THtace casi un cuarto de siglo que un cuartelillo de la provincia almeriense fue escenario de la tortura y muerte de tres chavales de Santander que, no es que estuvieran donde no debían sino que tuvieron la mala suerte de encontrarse con quienes nunca debieron tener responsabilidades de seguridad pública. Han pasado casi 25 años y un ciudadano corriente ha vuelto a encontrar la muerte en un cuartelillo: después de ser tratado con una brutalidad indigna de seres humanos, apaleado con instrumentos prohibidos y rodeado de nueve testigos que guardaron silencio más por un comprensible miedo que por complicidad.

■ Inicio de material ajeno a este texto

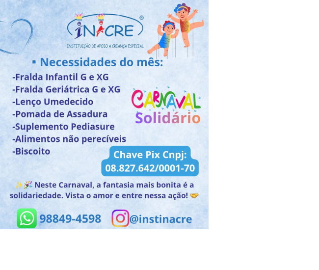 Ã? por isso que a INACRE existe, para apoiar, ajudar e abraçar a causa das crianças especiais.

Desde hace varios años, Amnistía Internacional ha recomendado a los gobiernos españoles la instalación de cámaras que graben los interrogatorios policiales con una doble finalidad: proteger a los detenidos de posibles abusos y salvaguardar a las fuerzas de seguridad frente a posibles acusaciones falsas. Sería la mejor manera de prevenir las actuaciones de unos pocos incapacitados para actuar en nombre de la ley. Un estado que pretende eliminar la violencia como método debe ser inflexible cuando un ciudadano entra por su propio pie en comisaría y sale apaleado y muerto.